Any plans for the weekend? The weather forecast here is good, so I should make the most of it and do something outside. On my way home from work today, I noticed a mackerel sky, which you can see in this very short video:
The clouds look a bit like fish scales and mackerel is a kind of fish. The traditional saying is:
Mackerel sky, mackerel sky, not long wet and not long dry.
I think it means that the weather is likely to be changeable (some rain, followed by some sunny spells*, or vice versa*). So perhaps I should have some indoor activities planned for the weekend too……
In this post I’m going to say something more about the representation of speech in writing. Speech reports can be of what people might say, or of what they intend to say (Next time she asks for my help, I should say that I’m too busy.
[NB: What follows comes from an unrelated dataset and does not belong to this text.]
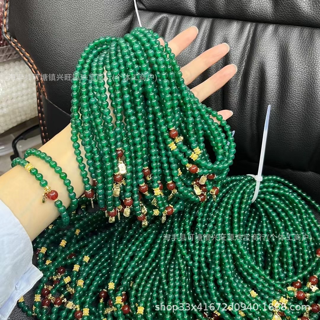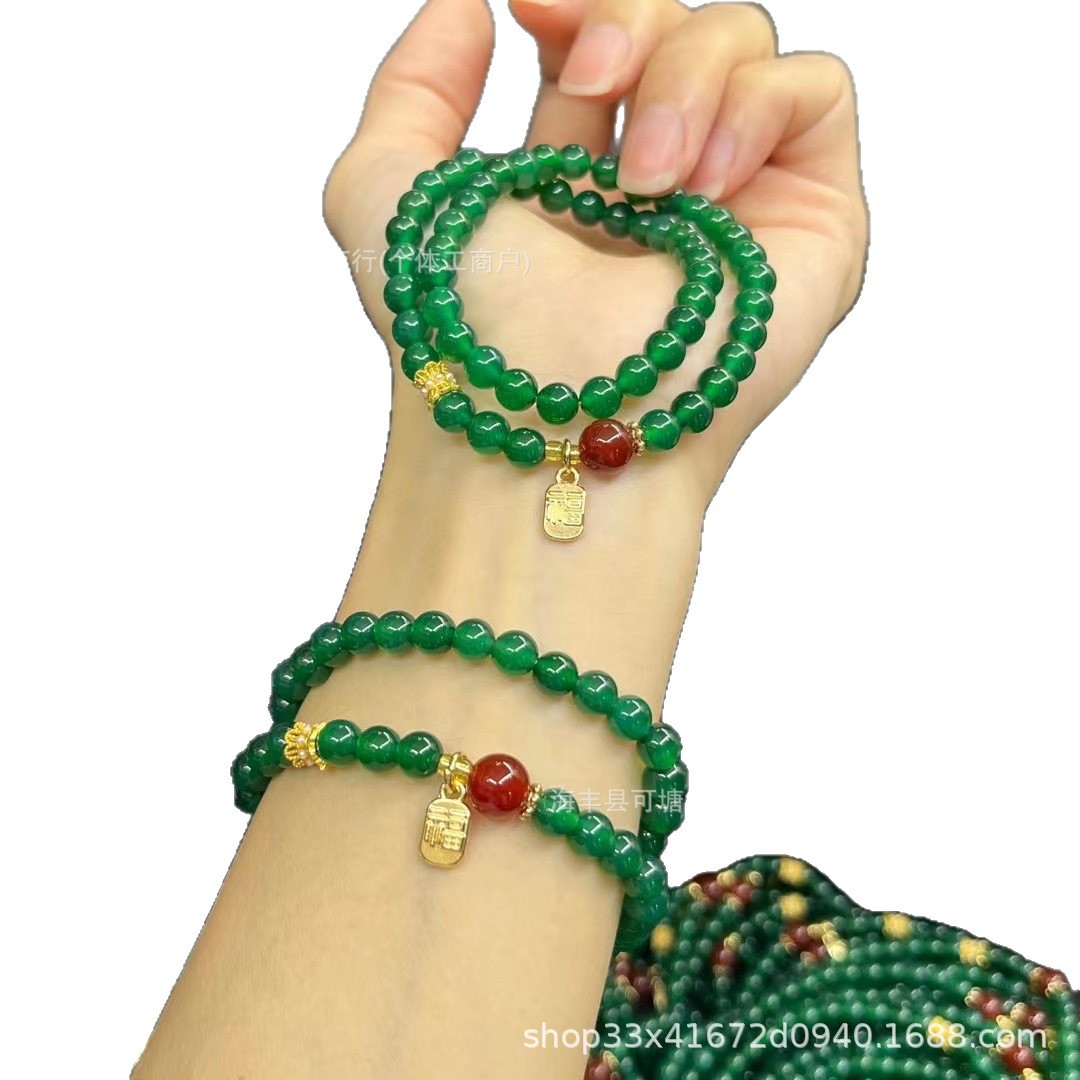天然绿玛瑙手串玉髓搭配红玛瑙福字吊坠女绿玛瑙手链多圈直播新款 批发量越大价格越低,可供直播间长期合作,欢迎来电私聊

I’ll just say, “Sorry, I….”). Here we won’t focus on this type of speech report; instead we will look at reports of real, past speech using the conversation about the Easter cake I posted on April 14. Today we will think about reporting verbs (the most frequent reporting verbs and speech acts).
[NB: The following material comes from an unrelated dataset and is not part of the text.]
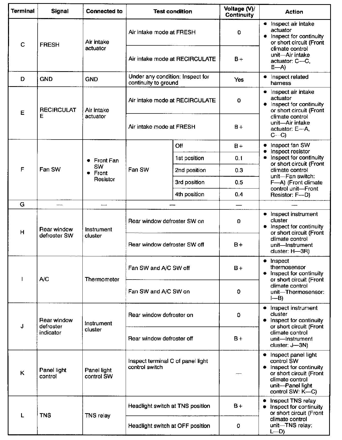 2. Measure the voltage at each front climate control unit terminal and refer to the terminal voltage list.

Most frequent reporting verbs
As you know, the most frequent reporting verb (in British English) in direct reports is said:
Vicky said, “There should be twelve!”
In indirect reports, the most common reporting verbs are said and told:
Mum said that there should be eleven marzipan balls on the cake.
Dad told us that they are traditional.
Told is not (usually) used to introduce direct reports:
Vicky told her, “There should be twelve!”
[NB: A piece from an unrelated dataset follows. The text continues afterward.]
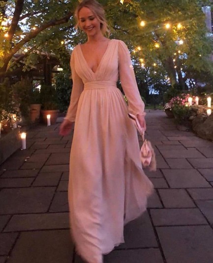 Дженнифер Лоуренс в платье с глубоким декольте отпраздновала помолвку

Said focuses on the words that someone says, told focuses on the content of what someone says, the message.
Said is used with an optional prepositional complement and an object (which is the reported clause):
Vicky said [to her: optional prepositional complement], [“There should be twelve!”: object]
Told usually has an indirect object and a direct object:
Dad told [us: indirect object] [that they are traditional: direct object]
Other verbs add detail or help to emphasise the communicative function of direct or indirect speech:
“They’re traditional,” Dad suggested.
Mum pointed out that there were eleven balls of marzipan.
Mum claimed to have weighed all the balls.
“I would never have thought of that,” confessed Dad.
Mum protested that it wasn’t easy to make the cake.
Although there are two examples of reporting verbs indicating a speech act used with direct speech (both involving Dad), these verbs are most frequently used to introduce indirect reports (like the ones involving Mum).
OK, I’ll stop there for now. In the next post, I’ll look at tense and aspect in the reporting verbs (so far I have only used said and told – so I still need to talk about say/tell and is saying/is telling…).
If I haven’t sent you to sleep yet……here is an interactive exercise to practise said/told and speech act verbs:
Take the challenge
Enjoy your weekend!!
* (sunny) spell = a short period of a specific kind of weather: a dry spell, a hot spell etc.
* vice versa = also in reverse order, the other way around.
Comments on the comments:
Marianna (from Slovakia) – thank you for your interesting story about your career!
Filippo (from Italy) – On Easter day my Mum cooked roast chicken and Yorkshire Puddings. More about Yorkshire Puddings another time!
Rabail (from the UK) – The online dictionary I am using at the moment is one suggested by Marcos recently. It’s www.dictionary.com
My Dad mainly uses a website called www.ancestry.com for his family history research. It has census results going back to the 1800’s and lots of suggestions for how to go back further.